Comparative analysis of Random Forest and Support Vector Machine for LULC classification in Tashkent Region using Landsat-8 imagery
Annotatsiya
Accurate Land Use/Land Cover (LULC) classification is essential for effective environmental monitoring, sustainable agricultural management, and informed urban planning. With increasing land transformation driven by urbanization, deforestation, and climate variability, reliable classification methods are needed to support data-driven decision-making.
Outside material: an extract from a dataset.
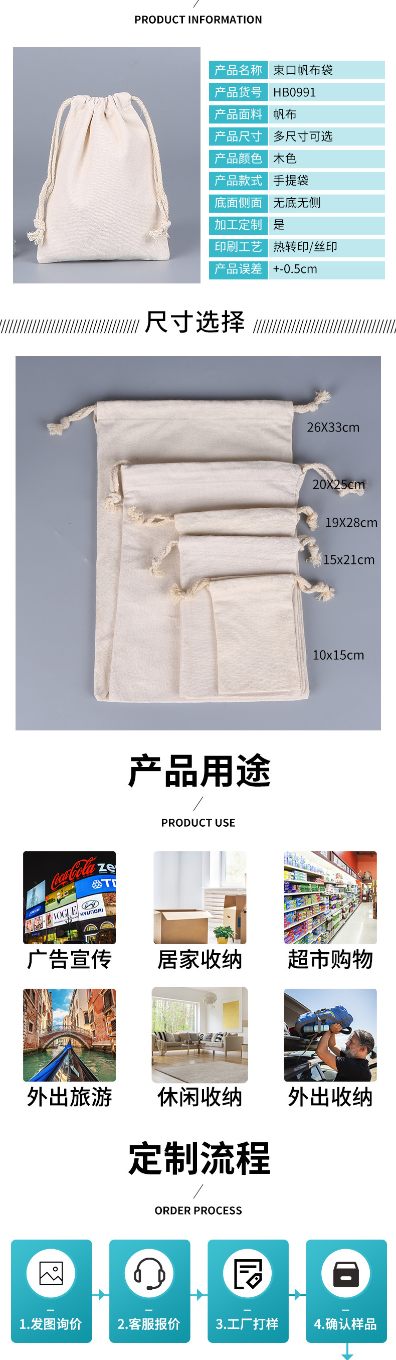 10*15cm; various sizes in stock

This study presents a comparative analysis of two widely used machine learning algorithms—Support Vector Machine (SVM) and Random Forest (RF)—for LULC classification in the Tashkent Region, Uzbekistan, using Landsat-8 Operational Land Imager (OLI) data for the June–July of 2024. The workflow involved critical preprocessing steps, cloud filtering, and band selection, followed by classification using six dominant LULC classes: water, bare land, built-up areas, cropland, snow, and forest. Ground truth samples were used to train and validate the models. Accuracy assessment was conducted using a confusion matrix, and performance was evaluated based on Overall Accuracy (OA) and the Kappa Coefficient (KC). The results revealed that the SVM classifier slightly outperformed RF, achieving an OA of 96.78 % and a KC of 0.96, compared to RF’s OA of 94.95 % and KC of 0.94. The superior performance of SVM is likely due to its effectiveness in handling high-dimensional feature spaces and separating non-linear class boundaries, especially in heterogeneous landscapes like Tashkent Region. While both algorithms showed strong potential, SVM demonstrated better precision in classifying cropland and forest areas. These findings highlight the importance of algorithm selection in remote sensing-based LULC studies. The study contributes to ongoing efforts to enhance land cover mapping accuracy using machine learning and offers valuable insights for land managers, urban developers, and environmental policymakers. Future research may consider the integration of multi-seasonal imagery, ancillary environmental data, and deep learning frameworks to further improve classification performance.